День за днем привыкал я к мысли, что понять этих людей труднее, чем полюбить. Однажды я был в загородном доме, его хозяин — богатый и почитаемый в округе ветеринар — вернулся с соседней фермы, где принимал новорожденного теленка. Его большие руки, устало лежавшие на коленях, вызывали странное уважение. Он подставлял лицо солнцу, пил вкусное вино, ел сочное, с кровью, мясо, шутил с детьми, захмелел, мирно дремал в кресле, зажав в огромном кулаке стаканчик крепчайшего местного мара[1]. Была во всем этом необъяснимая мудрость и сила, как в живописи Домье, и нельзя было всем этим не восхищаться. В этом воспоминании много литературного, — скорее, мои новые мысли придали ему такую значительность. А заглянуть в глубину той, иной французской жизни — иностранцу едва ли дано.
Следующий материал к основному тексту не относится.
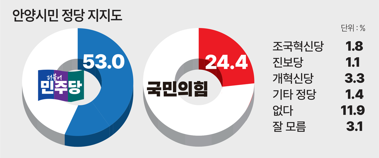 - 만안구와 동안구에서 더불어민주당을 지지한다고 밝힌 응답자의 비율은 각각 54.3%·52.1%였으며, 국민의힘은 26.3%·23.0%다.
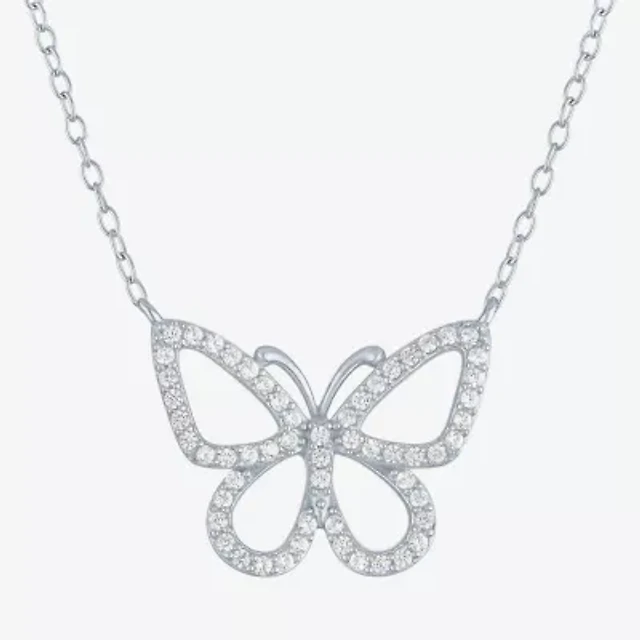 Yes, Please! Womens Lab Created White Sapphire Sterling Silver Butterfly Pendant
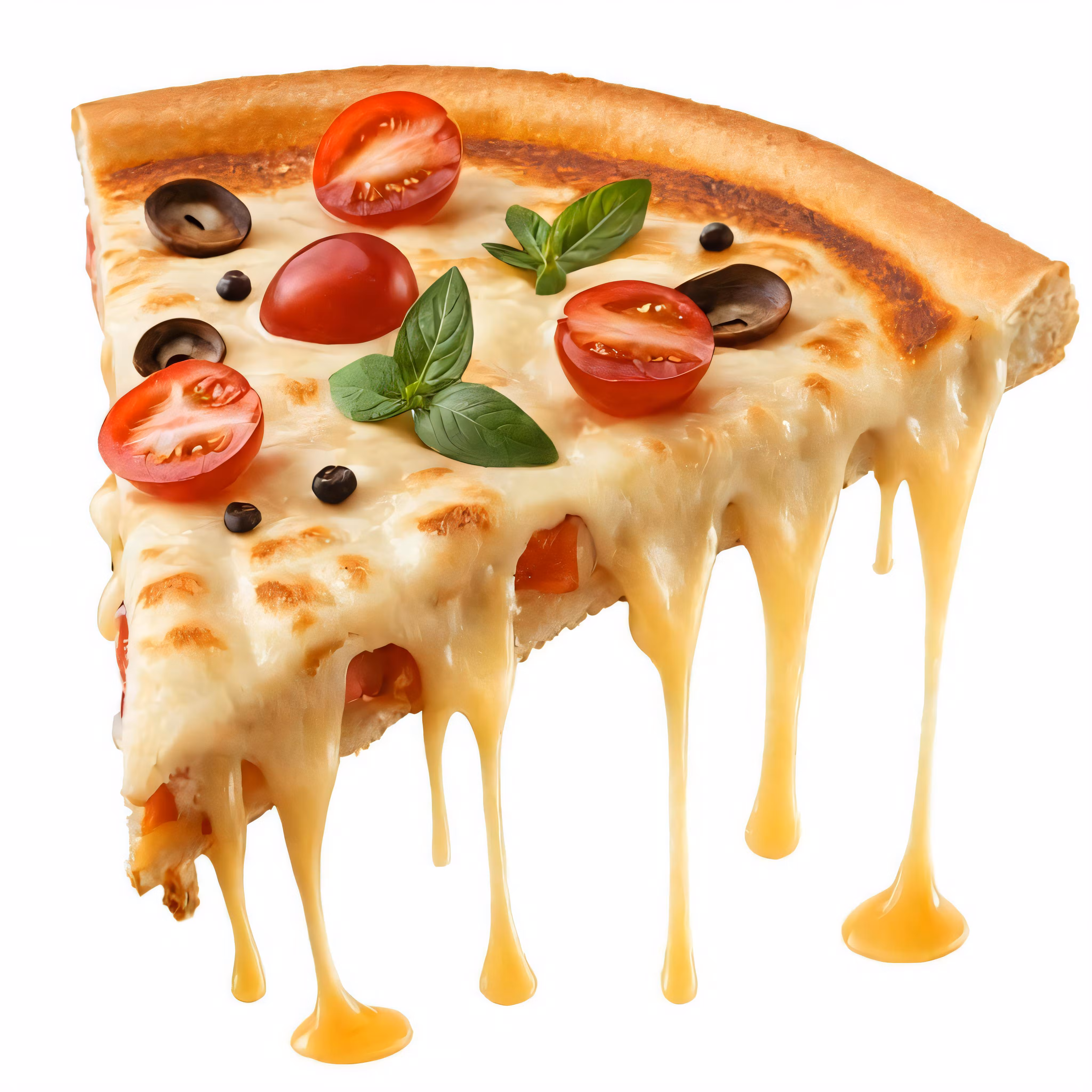 High resolution picture, free to use, a piece of cheese and tomato pizza with olives and tomatoes being carried

Тогда я не знал такого любимого теперь мною суждения Гертруды Стайн (да и вообще не читал ее книг)[2]: «Для французов действительно ничего не важно, кроме повседневной жизни (daily living) и земли которая им ее дает ‹…› Все что человек делает каждый день внушительно и важно».
Начал понемногу понимать, что такое здесь бытовой демократизм: две не только богатые, но и известные французские немолодые дамы — скульптор и писательница, у которых я побывал в гостях, — довезли меня на машине до метро. Я спросил, где мне лучше сделать пересадку. Одна из них ответила вполне простодушно: «Не знаю, я езжу на машине!» — «Ты — не парижанка», — произнесла другая, и был в ее голосе легчайший оттенок если и не презрения, то разочарования и печали.